Let’s make a simple calculation with these realistic values for a flu outbreak:
initial susceptible population, S = 1000
initial infected people, I = 1
rate of infection, ß = 0.29/day
rate of recovery, γ = 0.15/day
time increment, T = 1 day
Note that the transition rates tell you how many days it takes to double the number of people who are infected or recovered.
Since ß = 0.29/day, the time to double the number of infected people is about 1/0.29 = 3.4 days. And γ = 0.15 implies that it takes 1/0.15 = 6.7 days to recover. Infections quickly outnumber recoveries.
To start your model you set the number of infected people for the previous day, In-1 = 1, and the number of recovered Rn-1 = 0.
Now you calculate numbers of people in each compartment at the end of day 1:
Sn = Sn-1 – ((Sn-1/S) * (ß * In-1))
S1 = 999-((999/1000) * (0.29 * 1)) = 998.7 are susceptible
I1 = In-1 + (Sn-1/S * ß * In-1) – (In-1 * γ)
= 1 + (999/1000) * (0.29 * 1) – (1 * 0.15) = 1 + 0.29 – 0.15 = 1.14 people are infected
R1 = Rn-1 + In-1 * γ
= 0 + 1 * 0.15 = 0 + 0.15 = 0.15 people have recovered
For Day 2 (n = 2):
Sn = Sn-1 – ((Sn-1/S) * (ß * In-1))
S2 = 998.7 – ((998.7/1000) * (0.29 * 1.14)) = 998.4 are susceptible
I2 = In-1 + (Sn-1/S * ß) – (In-1 * γ)
= 1.14 + (998.7/1000 * 0.29) – (1 * 0.15) = 1.14 + .29 – 0.15 = 1.30 people infected
R1 = Rn-1 + In-1 * γ
= 0.15 + 1 * 0.15 = 0.15 + 0.15 = 0.3 people recovered.
The decrease in numbers of susceptibles, and the increase in numbers of infected and recovered, are all very small on day 1 and day 2. This shows that the disease is not spreading rapidly. But when you plot these data over the course of the outbreak you may be surprised!
Let Excel Do it!
These equations can be calculated by hand for each day of an outbreak, but it’s a lot easier to make an Excel spreadsheet to do it. So make one!
- Make a small table of variables at the top of your spreadsheet so you can easily change a variable to see the effect on your model – see A5 to B12 in the Excel image below. Use these realistic values for the flu outbreak that you previously hand-calculated the first two days results:
N = 1000 people
I = 1 person; so S = 1000-1 = 999
ß = 0.29/day
γ = 0.15/day
- Here are the equations used for Line 6 (of the Model Output figure below) and all following lines:
T: =D5+1
S: =E5-((E5/B$5)*(B$8*F5))
I: =F5+(E5/B$5)*(B$8*F5)-(F5*B$9)
R: =G5+(F5*B$9)
Why are these equations not used for line D5 to H5?
(Line D5 to H5 give the initial conditions)
- Here is the spreadsheet including the output for the first 14 days of the outbreak.

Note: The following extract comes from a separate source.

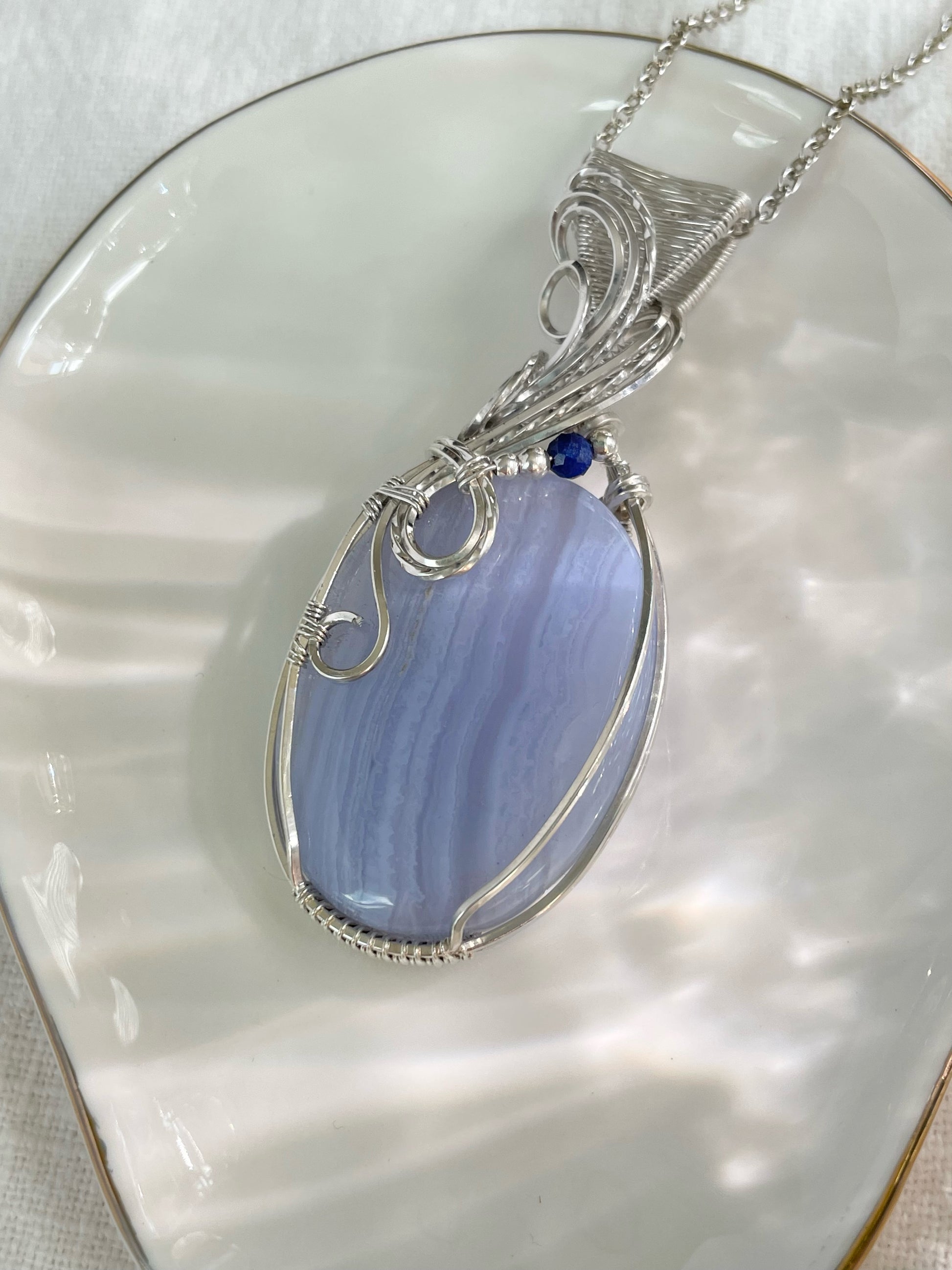 Blue Lace Agate & Lapis Lazuli Necklace in 0.925 Sterling Silver

Your calculation should extend for 100 days to see the full development of the outbreak.
- Use the Charts-Line option of Excel to create a graph plotting the curves for S, I, and R over the 100 days duration of the outbreak. Here is the first 40 days, with the Y-axis being the number of people in each compartment, and the X-axis being days since the outbreak began. Watch what happens to your graph when you plot the full 100 days!
- Write an interpretation of what the curves above tell you about the outbreak, including how long it lasts, when it reaches a maximum, and how many people become ill. What information do the slopes of the lines provide?
- This is a very simple model. What factors does it not consider that are important? Examples include demographic factors (e.g. people of different ages may have different susceptibilities, and people are born and die every day) and preventative actions (e.g. closing schools to slow the spread). How might one such factor be mathematically added to the model?
- Now try your SIR model with a different disease. Here are the parameters for measles:
- N = 1000 people
- I = 1 person; so S = 1000-1 = 999
- ß = 1.7/day
- γ = -0.14/day
- Based on these ß and γ values how do you expect this outbreak to be different from the flu one? Does your model output confirm that?